Directions for this task - Your copy should start at the line with "Prima di riempire" and end at the line with "You’ll layer neutral" in the data below. Transcribe only those lines, exactly, pictures excluded.

Recorded data -
+--

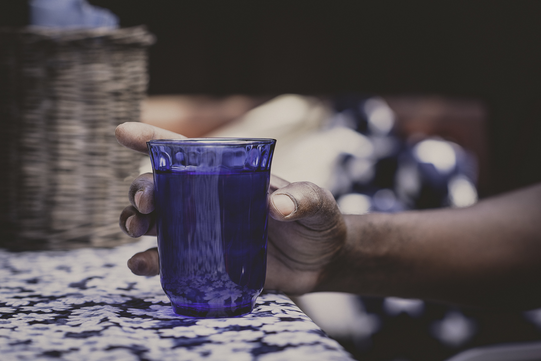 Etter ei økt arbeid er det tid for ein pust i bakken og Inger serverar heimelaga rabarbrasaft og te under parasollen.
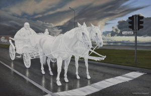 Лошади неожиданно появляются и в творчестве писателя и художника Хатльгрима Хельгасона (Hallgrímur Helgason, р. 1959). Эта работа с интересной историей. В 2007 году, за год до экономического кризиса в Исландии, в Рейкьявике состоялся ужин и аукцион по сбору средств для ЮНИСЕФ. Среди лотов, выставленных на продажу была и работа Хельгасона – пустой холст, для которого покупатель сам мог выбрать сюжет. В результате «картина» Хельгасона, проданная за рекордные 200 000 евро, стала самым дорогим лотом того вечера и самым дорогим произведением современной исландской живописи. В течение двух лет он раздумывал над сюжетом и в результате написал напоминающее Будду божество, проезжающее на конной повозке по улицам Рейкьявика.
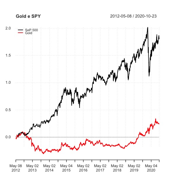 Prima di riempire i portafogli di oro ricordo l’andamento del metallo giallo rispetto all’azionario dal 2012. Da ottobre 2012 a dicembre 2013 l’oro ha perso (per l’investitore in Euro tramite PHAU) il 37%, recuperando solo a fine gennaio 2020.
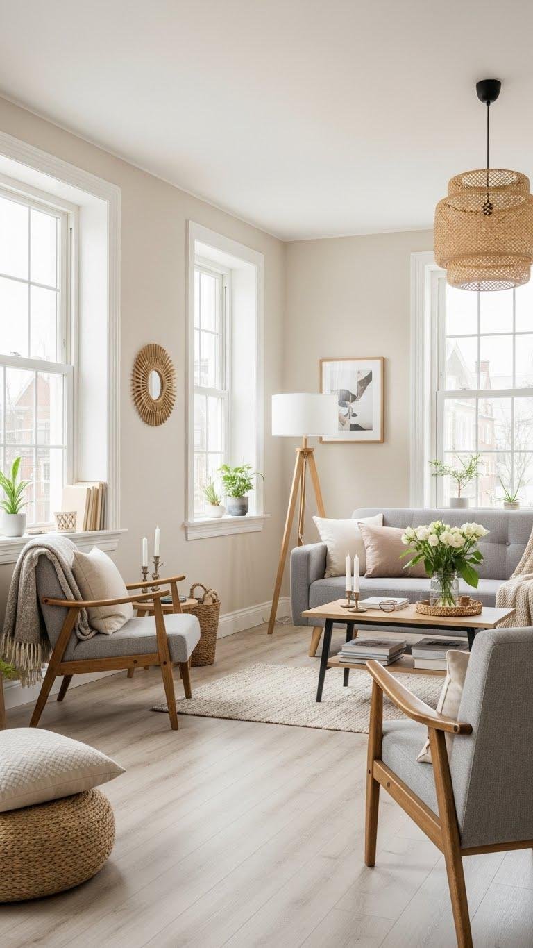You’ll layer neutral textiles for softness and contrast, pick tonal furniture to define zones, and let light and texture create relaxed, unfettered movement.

+--

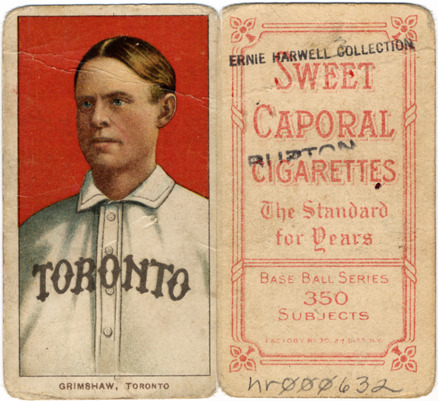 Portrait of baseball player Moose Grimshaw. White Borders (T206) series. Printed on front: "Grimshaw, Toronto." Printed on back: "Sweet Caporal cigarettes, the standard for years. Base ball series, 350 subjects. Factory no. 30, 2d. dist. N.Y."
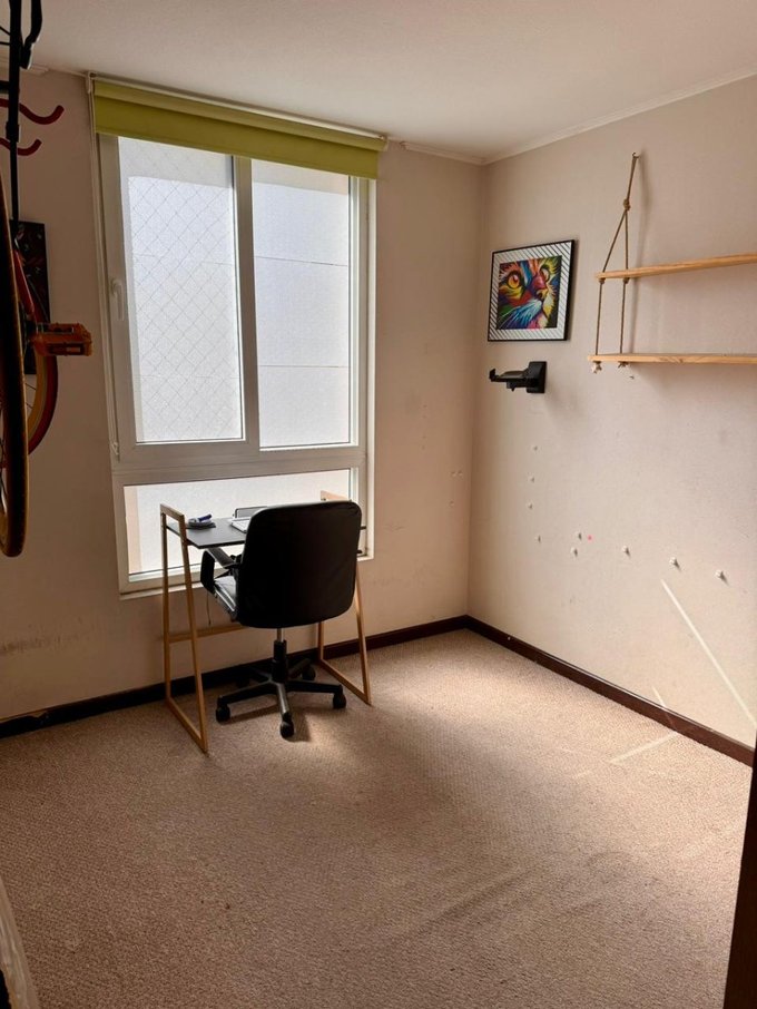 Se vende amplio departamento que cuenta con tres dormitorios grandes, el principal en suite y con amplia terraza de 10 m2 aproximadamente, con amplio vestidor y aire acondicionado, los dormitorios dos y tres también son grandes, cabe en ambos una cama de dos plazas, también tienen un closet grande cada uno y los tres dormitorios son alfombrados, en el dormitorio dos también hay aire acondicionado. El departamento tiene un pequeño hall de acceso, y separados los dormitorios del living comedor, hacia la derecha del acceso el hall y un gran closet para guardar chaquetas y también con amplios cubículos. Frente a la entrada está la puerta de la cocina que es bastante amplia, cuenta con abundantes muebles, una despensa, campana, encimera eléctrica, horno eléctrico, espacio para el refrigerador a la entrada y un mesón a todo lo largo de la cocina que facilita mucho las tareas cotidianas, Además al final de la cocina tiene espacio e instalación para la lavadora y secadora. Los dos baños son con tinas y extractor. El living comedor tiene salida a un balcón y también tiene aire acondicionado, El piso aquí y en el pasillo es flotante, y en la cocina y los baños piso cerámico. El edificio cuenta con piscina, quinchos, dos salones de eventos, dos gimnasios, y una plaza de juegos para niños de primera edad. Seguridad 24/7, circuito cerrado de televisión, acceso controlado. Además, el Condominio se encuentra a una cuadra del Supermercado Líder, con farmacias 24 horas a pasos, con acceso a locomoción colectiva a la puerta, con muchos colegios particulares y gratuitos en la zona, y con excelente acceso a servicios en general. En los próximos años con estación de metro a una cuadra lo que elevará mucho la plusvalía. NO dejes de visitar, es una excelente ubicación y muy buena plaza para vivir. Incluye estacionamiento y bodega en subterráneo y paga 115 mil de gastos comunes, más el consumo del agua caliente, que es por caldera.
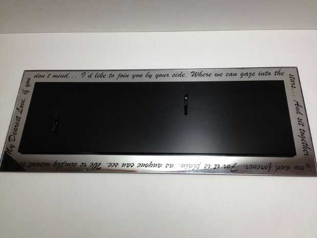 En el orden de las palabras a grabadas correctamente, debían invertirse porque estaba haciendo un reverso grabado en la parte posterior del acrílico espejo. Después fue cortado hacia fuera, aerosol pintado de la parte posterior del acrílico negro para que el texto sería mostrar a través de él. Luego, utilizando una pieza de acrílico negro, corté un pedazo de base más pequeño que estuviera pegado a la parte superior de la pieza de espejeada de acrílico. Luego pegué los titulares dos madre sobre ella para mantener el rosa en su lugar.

+--

Written response -
 Prima di riempire i portafogli di oro ricordo l’andamento del metallo giallo rispetto all’azionario dal 2012. Da ottobre 2012 a dicembre 2013 l’oro ha perso (per l’investitore in Euro tramite PHAU) il 37%, recuperando solo a fine gennaio 2020.
You’ll layer neutral textiles for softness and contrast, pick tonal furniture to define zones, and let light and texture create relaxed, unfettered movement.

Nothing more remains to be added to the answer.